The exhibit will be the first and only thing you’ll see when you walk in, and it will take your breath away to see [the images of] these amazing Californians. We will have some cool artifacts, like Carlos Santana’s guitar. [Other expected artifacts include Aldrin’s spacesuit and gloves worn on the historic Apollo 11 moon mission; Dr. Blackburn’s Nobel Prize; Magic Johnson’s championship rings; and The Beach Boys’ concert posters for the 1964 show at Memorial Auditorium that spawned the band’s first live album.]

Looking even further ahead, how do you see the museum growing and changing in the years to come?
I actually thought about that today. I don’t want to sound cliché, but I thought, “It’s so wonderful that there will be a day when people won’t remember it not being a great institution of California.” We are past the infancy stages. Now we are a toddler and about to grow into a firmly rooted adult. The Hall of Fame helps put the museum on the map. I have faith that I will be able to tell my grandkids, “Did you know that there wasn’t a museum like this when Grandma was growing up? Our state didn’t have a museum like this and I got to be part of the group that helped get it going.”

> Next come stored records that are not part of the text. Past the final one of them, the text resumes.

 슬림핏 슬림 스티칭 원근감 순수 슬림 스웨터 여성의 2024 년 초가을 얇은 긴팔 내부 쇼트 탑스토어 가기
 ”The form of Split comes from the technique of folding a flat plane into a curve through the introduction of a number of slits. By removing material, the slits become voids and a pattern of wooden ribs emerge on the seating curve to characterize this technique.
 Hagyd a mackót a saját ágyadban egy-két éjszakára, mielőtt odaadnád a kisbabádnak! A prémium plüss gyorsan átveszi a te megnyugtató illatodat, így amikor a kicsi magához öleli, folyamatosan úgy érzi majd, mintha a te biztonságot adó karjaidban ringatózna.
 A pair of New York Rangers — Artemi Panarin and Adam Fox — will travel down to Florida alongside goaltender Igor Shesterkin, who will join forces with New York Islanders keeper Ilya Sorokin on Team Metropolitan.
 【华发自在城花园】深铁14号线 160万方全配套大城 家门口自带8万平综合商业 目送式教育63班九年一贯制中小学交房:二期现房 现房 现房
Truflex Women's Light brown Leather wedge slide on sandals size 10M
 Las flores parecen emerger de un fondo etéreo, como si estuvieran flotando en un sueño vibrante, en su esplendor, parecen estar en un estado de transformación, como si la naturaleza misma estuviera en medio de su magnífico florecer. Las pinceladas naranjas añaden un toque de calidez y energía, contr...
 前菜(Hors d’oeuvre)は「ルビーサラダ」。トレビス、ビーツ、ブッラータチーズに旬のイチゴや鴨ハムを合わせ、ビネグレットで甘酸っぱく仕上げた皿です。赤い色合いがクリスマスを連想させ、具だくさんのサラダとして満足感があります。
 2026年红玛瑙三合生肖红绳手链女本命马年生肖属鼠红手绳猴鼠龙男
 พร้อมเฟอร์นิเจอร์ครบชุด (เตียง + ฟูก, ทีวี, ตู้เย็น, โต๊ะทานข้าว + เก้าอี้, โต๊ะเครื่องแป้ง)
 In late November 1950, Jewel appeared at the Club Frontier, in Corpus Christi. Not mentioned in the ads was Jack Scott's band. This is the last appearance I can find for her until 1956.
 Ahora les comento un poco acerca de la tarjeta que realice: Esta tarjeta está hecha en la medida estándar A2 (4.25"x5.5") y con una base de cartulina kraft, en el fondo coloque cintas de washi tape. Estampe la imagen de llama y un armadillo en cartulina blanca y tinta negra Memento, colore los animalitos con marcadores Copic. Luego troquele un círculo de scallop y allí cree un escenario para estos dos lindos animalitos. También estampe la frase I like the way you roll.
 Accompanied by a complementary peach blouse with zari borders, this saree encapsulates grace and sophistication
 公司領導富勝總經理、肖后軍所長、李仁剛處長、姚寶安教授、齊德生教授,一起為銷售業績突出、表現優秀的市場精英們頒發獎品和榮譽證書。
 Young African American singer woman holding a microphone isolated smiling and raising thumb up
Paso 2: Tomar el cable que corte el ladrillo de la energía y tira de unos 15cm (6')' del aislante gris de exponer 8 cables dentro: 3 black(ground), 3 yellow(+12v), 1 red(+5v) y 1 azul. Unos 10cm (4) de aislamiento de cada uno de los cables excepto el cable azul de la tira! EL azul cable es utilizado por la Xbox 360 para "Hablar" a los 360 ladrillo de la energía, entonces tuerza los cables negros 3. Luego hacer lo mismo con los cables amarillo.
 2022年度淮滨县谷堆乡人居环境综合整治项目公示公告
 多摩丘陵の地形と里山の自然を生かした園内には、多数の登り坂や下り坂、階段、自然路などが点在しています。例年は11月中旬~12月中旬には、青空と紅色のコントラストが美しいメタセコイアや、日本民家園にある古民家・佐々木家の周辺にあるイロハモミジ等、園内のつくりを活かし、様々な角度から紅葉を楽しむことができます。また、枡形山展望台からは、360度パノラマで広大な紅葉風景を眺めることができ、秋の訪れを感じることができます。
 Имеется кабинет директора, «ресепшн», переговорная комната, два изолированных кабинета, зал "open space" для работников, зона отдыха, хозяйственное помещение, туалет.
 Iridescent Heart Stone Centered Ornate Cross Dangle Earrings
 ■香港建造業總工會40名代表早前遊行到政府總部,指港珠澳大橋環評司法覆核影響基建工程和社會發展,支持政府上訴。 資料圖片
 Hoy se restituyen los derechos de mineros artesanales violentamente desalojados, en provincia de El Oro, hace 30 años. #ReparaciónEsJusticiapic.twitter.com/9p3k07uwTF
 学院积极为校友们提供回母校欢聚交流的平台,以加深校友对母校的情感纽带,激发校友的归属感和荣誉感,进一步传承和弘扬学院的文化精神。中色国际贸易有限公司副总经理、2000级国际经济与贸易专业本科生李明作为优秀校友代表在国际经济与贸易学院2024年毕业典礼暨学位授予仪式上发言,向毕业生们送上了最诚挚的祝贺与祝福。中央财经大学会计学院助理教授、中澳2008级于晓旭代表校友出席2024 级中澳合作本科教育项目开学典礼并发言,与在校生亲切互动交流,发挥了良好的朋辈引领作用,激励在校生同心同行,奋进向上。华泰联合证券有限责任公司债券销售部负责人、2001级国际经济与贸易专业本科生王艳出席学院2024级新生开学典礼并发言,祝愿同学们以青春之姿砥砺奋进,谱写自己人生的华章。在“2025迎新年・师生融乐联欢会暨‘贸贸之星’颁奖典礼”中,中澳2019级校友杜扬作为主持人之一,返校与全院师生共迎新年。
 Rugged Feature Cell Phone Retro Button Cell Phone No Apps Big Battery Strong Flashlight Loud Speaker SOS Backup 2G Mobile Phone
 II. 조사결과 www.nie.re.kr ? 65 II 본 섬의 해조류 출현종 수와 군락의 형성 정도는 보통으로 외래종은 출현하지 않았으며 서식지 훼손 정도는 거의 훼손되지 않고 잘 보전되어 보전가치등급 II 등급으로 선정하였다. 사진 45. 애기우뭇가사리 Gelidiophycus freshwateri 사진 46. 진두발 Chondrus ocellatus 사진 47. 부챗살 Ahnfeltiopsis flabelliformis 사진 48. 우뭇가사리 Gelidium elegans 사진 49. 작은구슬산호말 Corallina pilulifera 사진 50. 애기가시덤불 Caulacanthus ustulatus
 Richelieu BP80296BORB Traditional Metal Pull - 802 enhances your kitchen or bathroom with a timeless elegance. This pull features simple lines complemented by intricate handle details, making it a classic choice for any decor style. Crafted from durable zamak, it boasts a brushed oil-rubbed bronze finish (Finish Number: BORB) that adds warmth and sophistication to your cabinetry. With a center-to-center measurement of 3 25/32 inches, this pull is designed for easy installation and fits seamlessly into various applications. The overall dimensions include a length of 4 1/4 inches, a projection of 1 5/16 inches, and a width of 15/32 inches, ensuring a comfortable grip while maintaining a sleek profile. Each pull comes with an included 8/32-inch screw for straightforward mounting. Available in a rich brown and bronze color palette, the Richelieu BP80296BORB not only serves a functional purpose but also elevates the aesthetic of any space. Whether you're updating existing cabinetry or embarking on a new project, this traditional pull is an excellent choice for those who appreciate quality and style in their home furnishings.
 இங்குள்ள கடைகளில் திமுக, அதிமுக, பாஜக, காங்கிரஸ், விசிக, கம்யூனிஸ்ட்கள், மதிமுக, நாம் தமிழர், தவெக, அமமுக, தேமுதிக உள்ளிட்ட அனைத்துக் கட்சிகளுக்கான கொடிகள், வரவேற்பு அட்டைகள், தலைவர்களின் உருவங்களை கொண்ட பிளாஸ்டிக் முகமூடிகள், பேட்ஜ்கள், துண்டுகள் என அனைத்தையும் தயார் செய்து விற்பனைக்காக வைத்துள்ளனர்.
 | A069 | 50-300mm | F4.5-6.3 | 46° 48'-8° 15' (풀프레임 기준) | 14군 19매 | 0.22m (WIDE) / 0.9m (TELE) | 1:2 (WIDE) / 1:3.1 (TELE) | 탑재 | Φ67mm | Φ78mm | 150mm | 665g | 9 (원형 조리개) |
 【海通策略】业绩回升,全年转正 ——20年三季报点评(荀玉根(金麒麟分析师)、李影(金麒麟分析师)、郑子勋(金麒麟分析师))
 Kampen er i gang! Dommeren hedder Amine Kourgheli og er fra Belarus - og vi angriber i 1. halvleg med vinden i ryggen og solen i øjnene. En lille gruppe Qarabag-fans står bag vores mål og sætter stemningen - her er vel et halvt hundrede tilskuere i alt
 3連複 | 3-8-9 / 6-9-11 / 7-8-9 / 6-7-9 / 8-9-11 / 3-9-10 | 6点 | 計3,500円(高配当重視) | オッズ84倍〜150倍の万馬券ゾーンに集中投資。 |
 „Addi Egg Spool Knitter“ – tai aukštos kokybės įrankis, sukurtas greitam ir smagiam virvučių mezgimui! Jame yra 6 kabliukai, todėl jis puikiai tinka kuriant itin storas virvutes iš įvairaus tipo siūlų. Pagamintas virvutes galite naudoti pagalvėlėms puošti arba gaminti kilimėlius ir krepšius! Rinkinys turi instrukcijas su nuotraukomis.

When I first got on the board, we looked at [constructing] a new building [currently the museum is housed in the California Secretary of State complex], but people don’t have the money [right now] and we need to firm up who we are. All we can pray for is improving.

And when the time comes, wouldn’t it be incredible if Frank Gehry, a past Hall of Fame inductee, designed that new museum?
Oh, it would be amazing. With a huge permanent Steve Jobs exhibit welcoming you. We’ve got big dreams.